Increase heat to medium-high and add eggplant, zucchini, and fennel. Cook for 5 to 10 minutes, until golden brown, stirring occasionally.
Add garlic and white wine, and cook for 5 minutes. Add chicken stock, water, diced tomatoes, chickpeas, oregano, and remaining ½ teaspoon black pepper. Bring to a boil over medium-high heat. After coming to a boil, reduce heat to low, add chicken, cover with a lid, and simmer for 25 minutes.
Remove lid and add chopped basil, stirring until well combined. Simmer for an additional 20 minutes with lid off, stirring occasionally to prevent sticking. If needed, add splashes of water if stew begins to look dry.
Check to see if chicken is done by inserting a meat thermometer into the thickest part of the chicken breasts seeing that it registers at least 165°F. Remove from heat and transfer chicken breasts to a large cutting board. With two forks, shred the chicken into small bite-sized pieces. Alternatively, cut the chicken breasts in half, add to the bowl of a stand mixer fitted with the paddle attachment, and shred the chicken on medium speed. Return shredded chicken breasts to stew and stir to combine.
Serve warm garnished with fresh basil and freshly cracked black pepper. If desired, serve over a bed of low sodium mashed potatoes or brown rice. Store any leftovers in an airtight container in the refrigerator for up to 4 days.

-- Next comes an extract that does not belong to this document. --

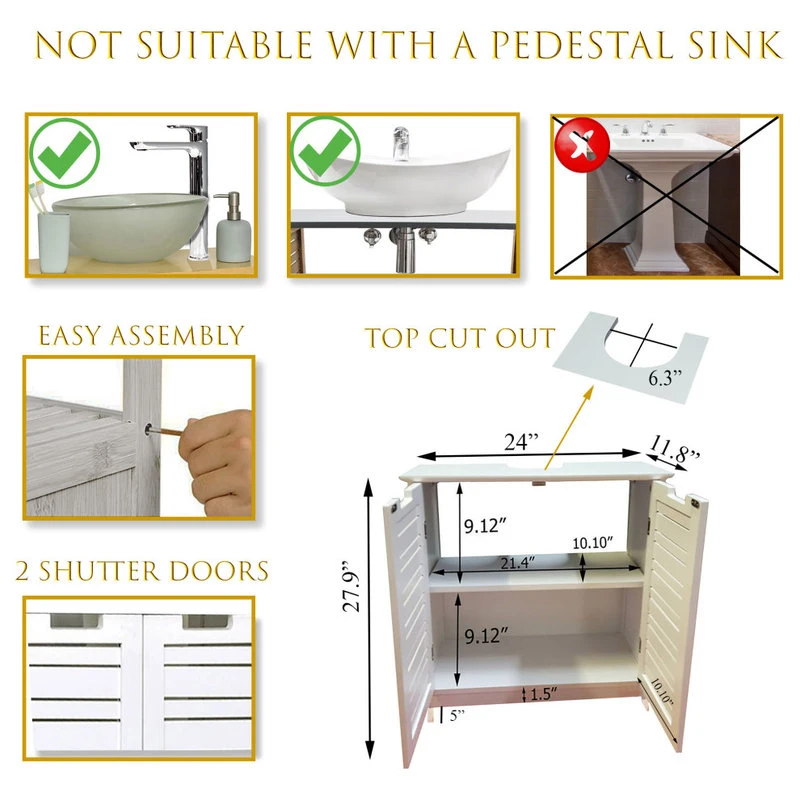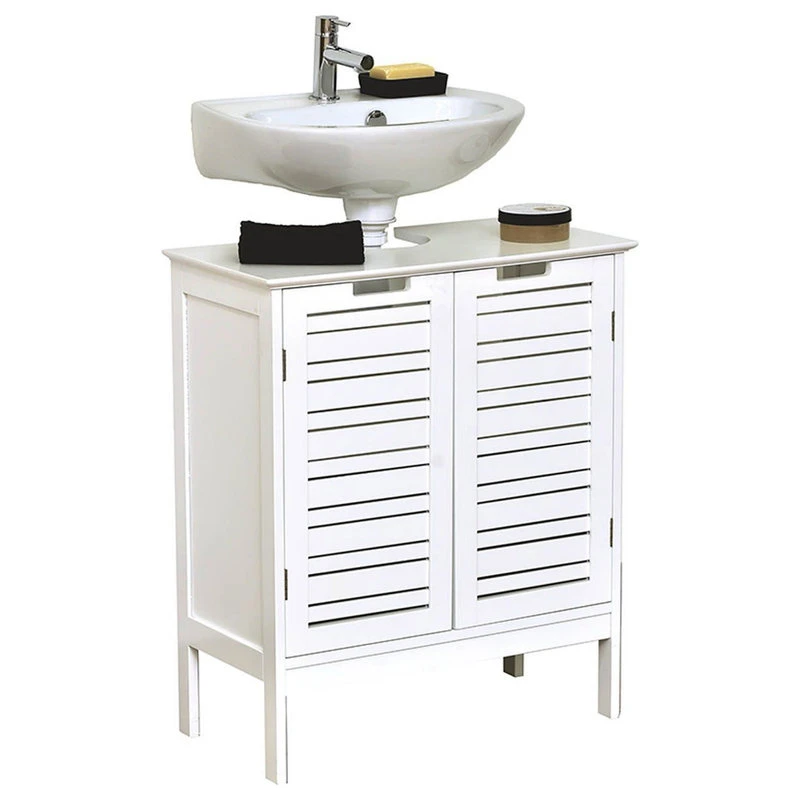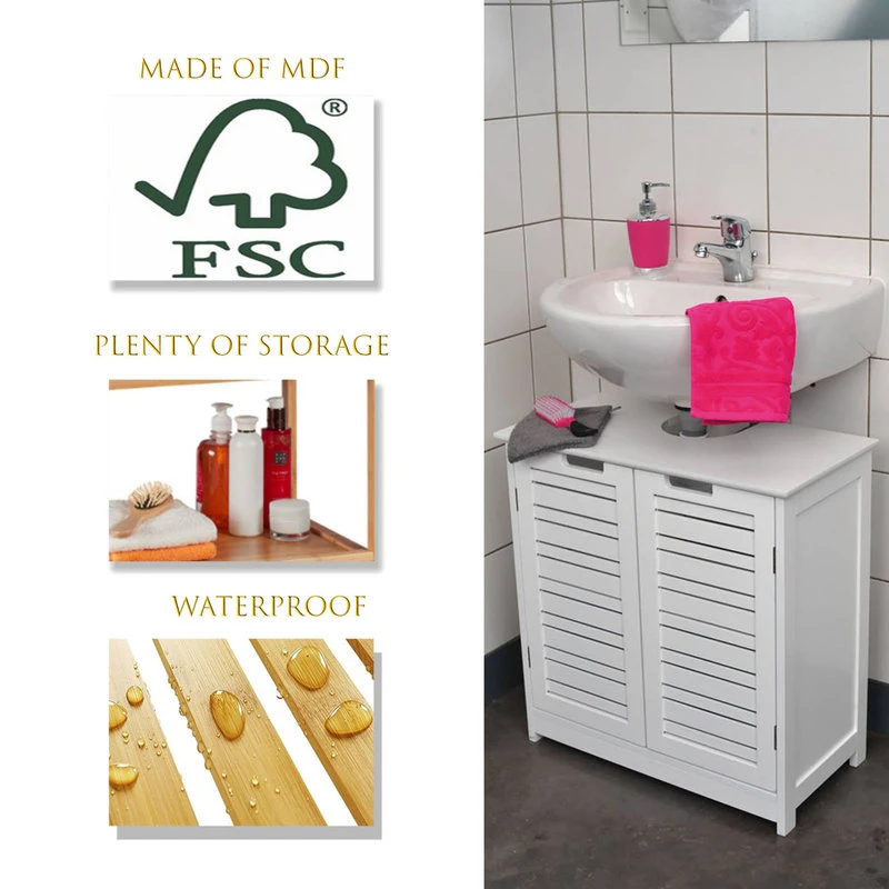 - MADE OF WOOD/MDF: This under sink cabinet is made of white painted sturdy wood (MDF). The 2 doors have an easy opening with U-shape cutout handles. Also, the louvered doors ensure a good air flow and are magnetized to stay securely closed

To make this a Mediterranean chicken stew slow cooker recipe, simply sear your chicken breasts in a pan first for extra flavor. Then, transfer the chicken, vegetables, stock, and seasonings into your slow cooker. Cook on LOW for 6-8 hours or HIGH for 3-4 hours. Shred the chicken and stir in the fresh basil right before serving!
Serve this stew warm, garnished with extra fresh basil and a crack of black pepper. Leftovers store beautifully, making this a great meal prep option. Store in an airtight container in the refrigerator for up to 4 days. You can also freeze the stew for up to 3 months; just thaw overnight in the fridge and reheat gently on the stovetop.
This stew is fantastic over a bed of fluffy low-sodium mashed potatoes to soak up the savory tomato broth. For a more traditional Mediterranean pairing, serve it alongside whole-grain brown rice, quinoa, or a slice of crusty whole-wheat bread. A light, crisp side like our Greek Edamame Salad is also a wonderful complement.
If you aren't a fan of fennel, you can substitute diced celery or extra sweet bell peppers.
Cannellini beans or great northern beans work perfectly as a creamy, high-fiber alternative to chickpeas.
Boneless, skinless chicken thighs can be used, though they will slightly alter the fat content of the dish.
Simply use an equal amount of additional unsalted chicken stock with a splash of lemon juice if you prefer to cook without wine.